┏━━
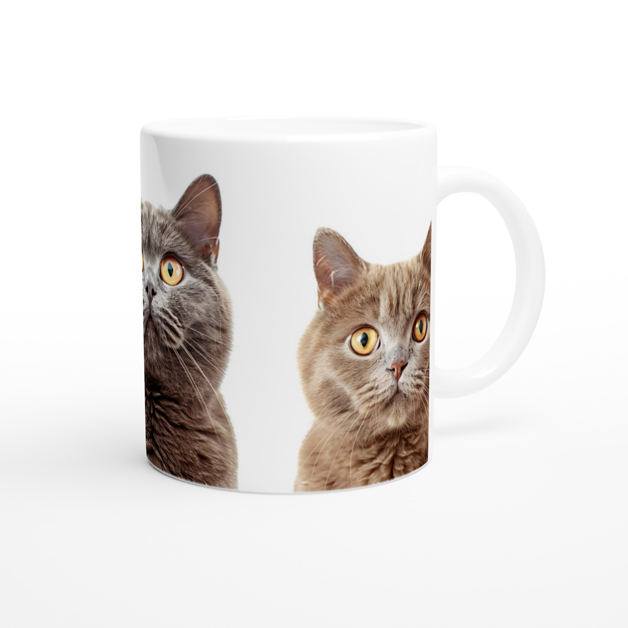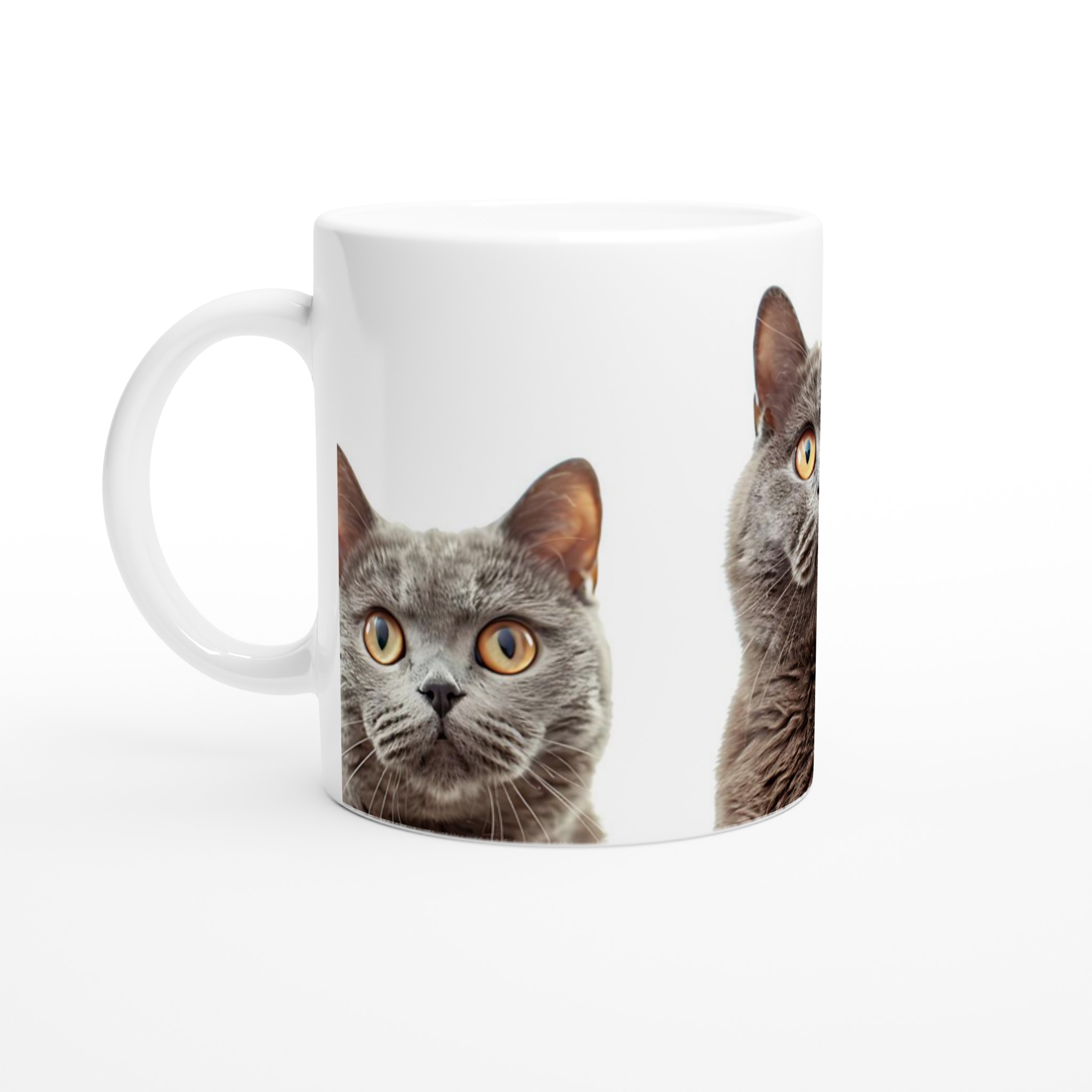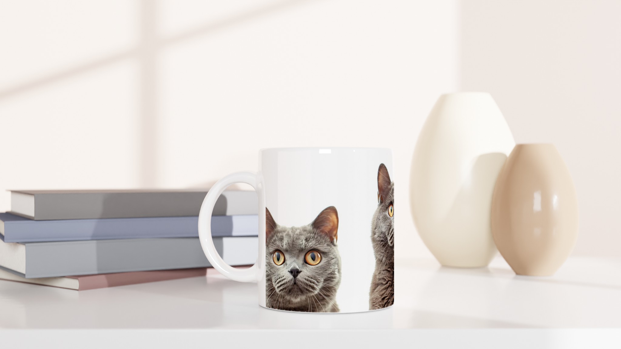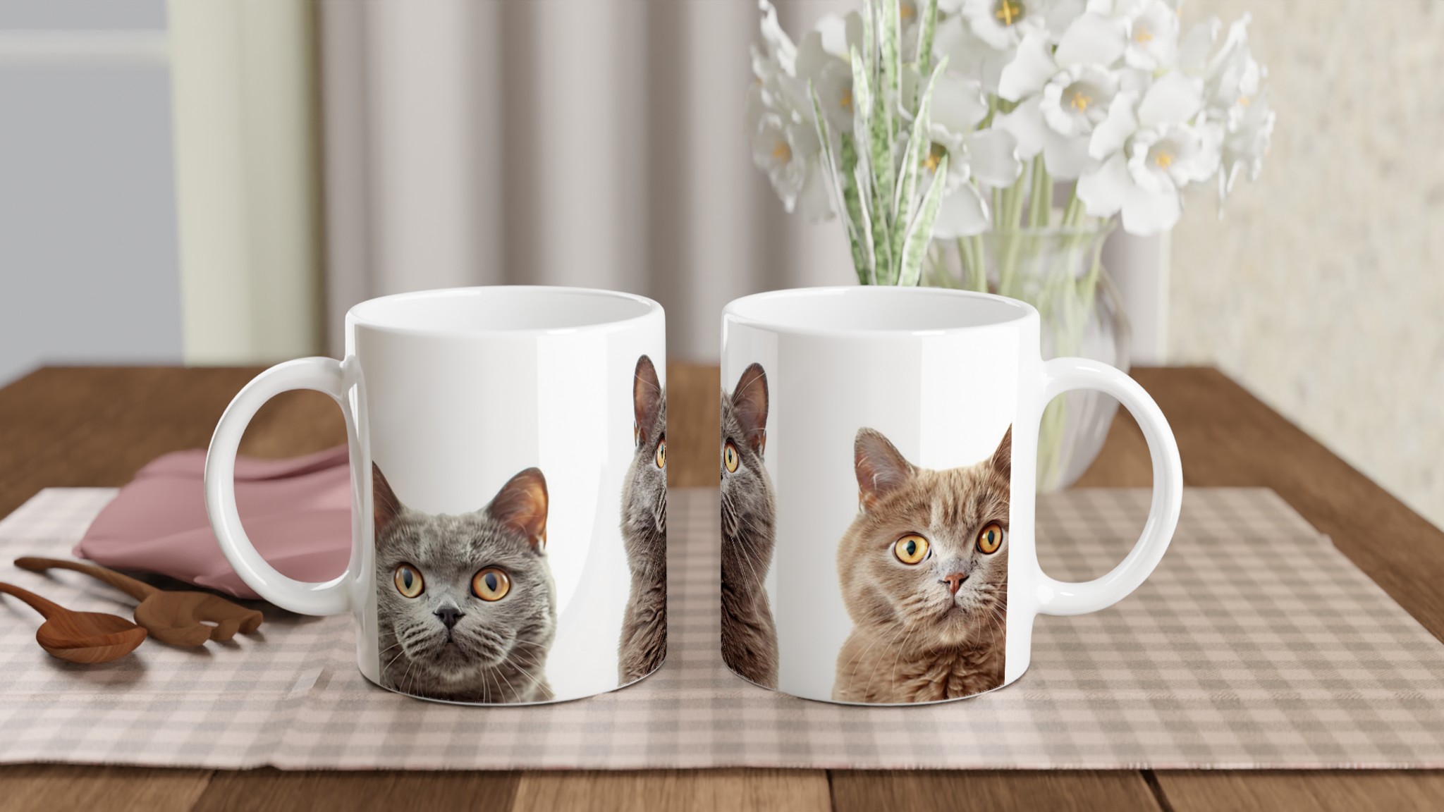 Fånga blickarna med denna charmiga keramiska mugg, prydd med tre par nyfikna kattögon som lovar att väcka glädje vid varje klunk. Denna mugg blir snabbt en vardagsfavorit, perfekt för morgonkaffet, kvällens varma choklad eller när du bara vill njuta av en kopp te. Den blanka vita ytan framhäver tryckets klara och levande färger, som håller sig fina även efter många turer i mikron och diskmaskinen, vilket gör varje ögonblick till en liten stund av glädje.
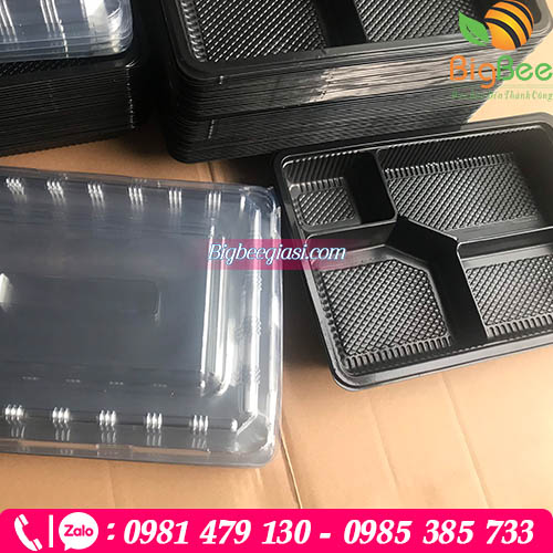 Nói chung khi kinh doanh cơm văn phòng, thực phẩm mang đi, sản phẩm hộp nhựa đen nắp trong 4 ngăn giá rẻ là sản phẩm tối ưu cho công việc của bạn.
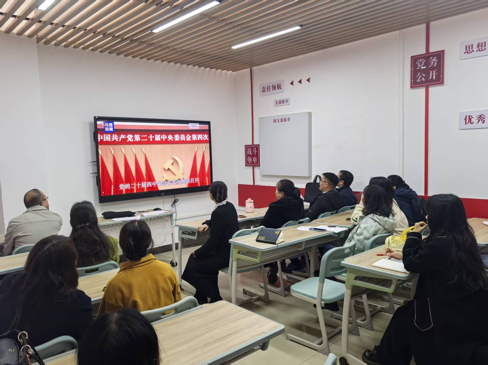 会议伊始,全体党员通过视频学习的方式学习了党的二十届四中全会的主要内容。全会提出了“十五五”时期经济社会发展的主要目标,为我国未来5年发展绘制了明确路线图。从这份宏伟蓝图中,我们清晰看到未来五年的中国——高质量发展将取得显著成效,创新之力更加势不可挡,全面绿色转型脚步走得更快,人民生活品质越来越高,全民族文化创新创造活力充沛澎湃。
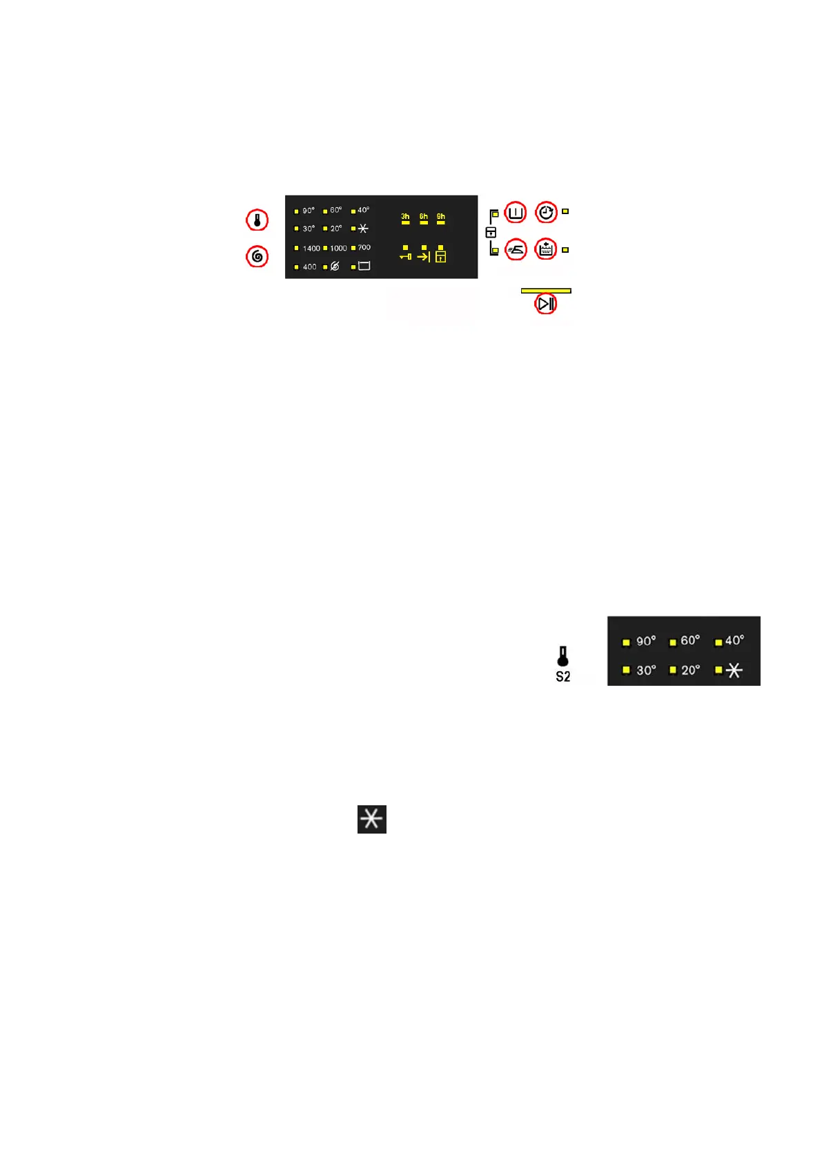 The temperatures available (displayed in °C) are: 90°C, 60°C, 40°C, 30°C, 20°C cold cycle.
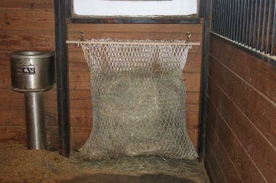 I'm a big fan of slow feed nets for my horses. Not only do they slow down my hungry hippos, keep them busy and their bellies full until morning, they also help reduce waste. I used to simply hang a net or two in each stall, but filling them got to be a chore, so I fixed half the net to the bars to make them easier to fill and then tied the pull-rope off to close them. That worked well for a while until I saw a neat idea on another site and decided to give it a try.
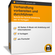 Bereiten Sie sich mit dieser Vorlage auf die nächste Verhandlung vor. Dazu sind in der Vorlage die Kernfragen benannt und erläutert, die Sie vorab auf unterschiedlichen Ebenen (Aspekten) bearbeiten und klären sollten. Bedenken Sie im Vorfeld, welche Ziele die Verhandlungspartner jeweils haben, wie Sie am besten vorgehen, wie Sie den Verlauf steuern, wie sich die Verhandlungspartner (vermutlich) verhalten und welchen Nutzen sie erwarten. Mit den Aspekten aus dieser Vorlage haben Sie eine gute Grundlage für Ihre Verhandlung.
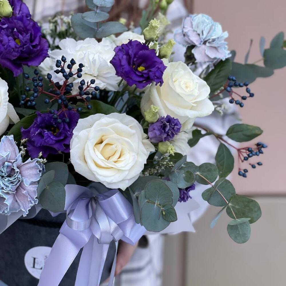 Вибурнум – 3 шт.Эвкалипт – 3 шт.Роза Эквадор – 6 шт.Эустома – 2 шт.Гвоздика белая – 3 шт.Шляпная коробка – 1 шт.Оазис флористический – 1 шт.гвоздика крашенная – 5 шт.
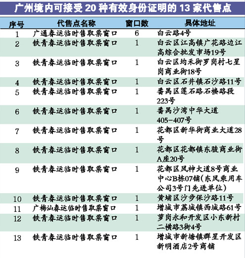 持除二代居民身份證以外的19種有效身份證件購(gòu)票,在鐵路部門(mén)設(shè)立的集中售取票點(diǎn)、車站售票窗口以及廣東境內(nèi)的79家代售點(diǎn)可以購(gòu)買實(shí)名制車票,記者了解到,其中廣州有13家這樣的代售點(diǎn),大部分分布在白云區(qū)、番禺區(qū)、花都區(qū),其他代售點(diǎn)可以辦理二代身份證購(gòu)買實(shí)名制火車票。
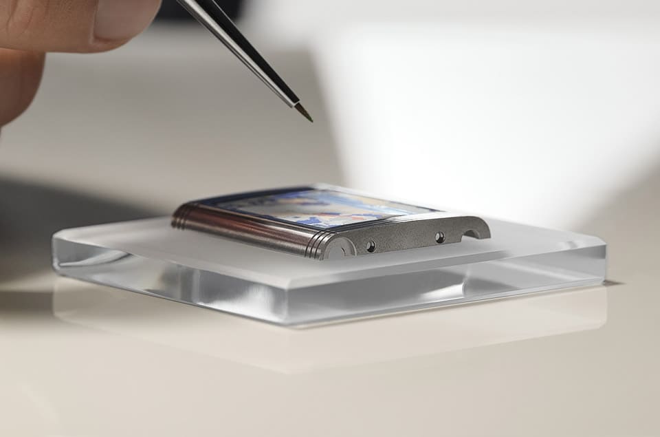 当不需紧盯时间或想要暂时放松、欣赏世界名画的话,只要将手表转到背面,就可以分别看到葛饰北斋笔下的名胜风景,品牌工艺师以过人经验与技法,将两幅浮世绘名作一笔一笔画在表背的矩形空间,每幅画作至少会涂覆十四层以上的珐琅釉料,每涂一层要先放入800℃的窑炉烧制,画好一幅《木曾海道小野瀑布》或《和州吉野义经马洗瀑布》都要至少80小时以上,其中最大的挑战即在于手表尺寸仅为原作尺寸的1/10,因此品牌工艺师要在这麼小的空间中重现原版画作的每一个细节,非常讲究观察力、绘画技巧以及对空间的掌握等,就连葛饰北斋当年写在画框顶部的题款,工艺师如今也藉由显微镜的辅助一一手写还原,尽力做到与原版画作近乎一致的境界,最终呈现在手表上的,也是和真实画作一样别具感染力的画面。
┗━━
__Instructions to follow__. Could you transcribe the records above exactly, leaving every picture out?

__Answer below__.
 Fånga blickarna med denna charmiga keramiska mugg, prydd med tre par nyfikna kattögon som lovar att väcka glädje vid varje klunk. Denna mugg blir snabbt en vardagsfavorit, perfekt för morgonkaffet, kvällens varma choklad eller när du bara vill njuta av en kopp te. Den blanka vita ytan framhäver tryckets klara och levande färger, som håller sig fina även efter många turer i mikron och diskmaskinen, vilket gör varje ögonblick till en liten stund av glädje.
 Nói chung khi kinh doanh cơm văn phòng, thực phẩm mang đi, sản phẩm hộp nhựa đen nắp trong 4 ngăn giá rẻ là sản phẩm tối ưu cho công việc của bạn.
 会议伊始,全体党员通过视频学习的方式学习了党的二十届四中全会的主要内容。全会提出了“十五五”时期经济社会发展的主要目标,为我国未来5年发展绘制了明确路线图。从这份宏伟蓝图中,我们清晰看到未来五年的中国——高质量发展将取得显著成效,创新之力更加势不可挡,全面绿色转型脚步走得更快,人民生活品质越来越高,全民族文化创新创造活力充沛澎湃。
 The temperatures available (displayed in °C) are: 90°C, 60°C, 40°C, 30°C, 20°C cold cycle.
 I'm a big fan of slow feed nets for my horses. Not only do they slow down my hungry hippos, keep them busy and their bellies full until morning, they also help reduce waste. I used to simply hang a net or two in each stall, but filling them got to be a chore, so I fixed half the net to the bars to make them easier to fill and then tied the pull-rope off to close them. That worked well for a while until I saw a neat idea on another site and decided to give it a try.
 Bereiten Sie sich mit dieser Vorlage auf die nächste Verhandlung vor. Dazu sind in der Vorlage die Kernfragen benannt und erläutert, die Sie vorab auf unterschiedlichen Ebenen (Aspekten) bearbeiten und klären sollten. Bedenken Sie im Vorfeld, welche Ziele die Verhandlungspartner jeweils haben, wie Sie am besten vorgehen, wie Sie den Verlauf steuern, wie sich die Verhandlungspartner (vermutlich) verhalten und welchen Nutzen sie erwarten. Mit den Aspekten aus dieser Vorlage haben Sie eine gute Grundlage für Ihre Verhandlung.
 Вибурнум – 3 шт.Эвкалипт – 3 шт.Роза Эквадор – 6 шт.Эустома – 2 шт.Гвоздика белая – 3 шт.Шляпная коробка – 1 шт.Оазис флористический – 1 шт.гвоздика крашенная – 5 шт.
 持除二代居民身份證以外的19種有效身份證件購(gòu)票,在鐵路部門(mén)設(shè)立的集中售取票點(diǎn)、車站售票窗口以及廣東境內(nèi)的79家代售點(diǎn)可以購(gòu)買實(shí)名制車票,記者了解到,其中廣州有13家這樣的代售點(diǎn),大部分分布在白云區(qū)、番禺區(qū)、花都區(qū),其他代售點(diǎn)可以辦理二代身份證購(gòu)買實(shí)名制火車票。
 当不需紧盯时间或想要暂时放松、欣赏世界名画的话,只要将手表转到背面,就可以分别看到葛饰北斋笔下的名胜风景,品牌工艺师以过人经验与技法,将两幅浮世绘名作一笔一笔画在表背的矩形空间,每幅画作至少会涂覆十四层以上的珐琅釉料,每涂一层要先放入800℃的窑炉烧制,画好一幅《木曾海道小野瀑布》或《和州吉野义经马洗瀑布》都要至少80小时以上,其中最大的挑战即在于手表尺寸仅为原作尺寸的1/10,因此品牌工艺师要在这麼小的空间中重现原版画作的每一个细节,非常讲究观察力、绘画技巧以及对空间的掌握等,就连葛饰北斋当年写在画框顶部的题款,工艺师如今也藉由显微镜的辅助一一手写还原,尽力做到与原版画作近乎一致的境界,最终呈现在手表上的,也是和真实画作一样别具感染力的画面。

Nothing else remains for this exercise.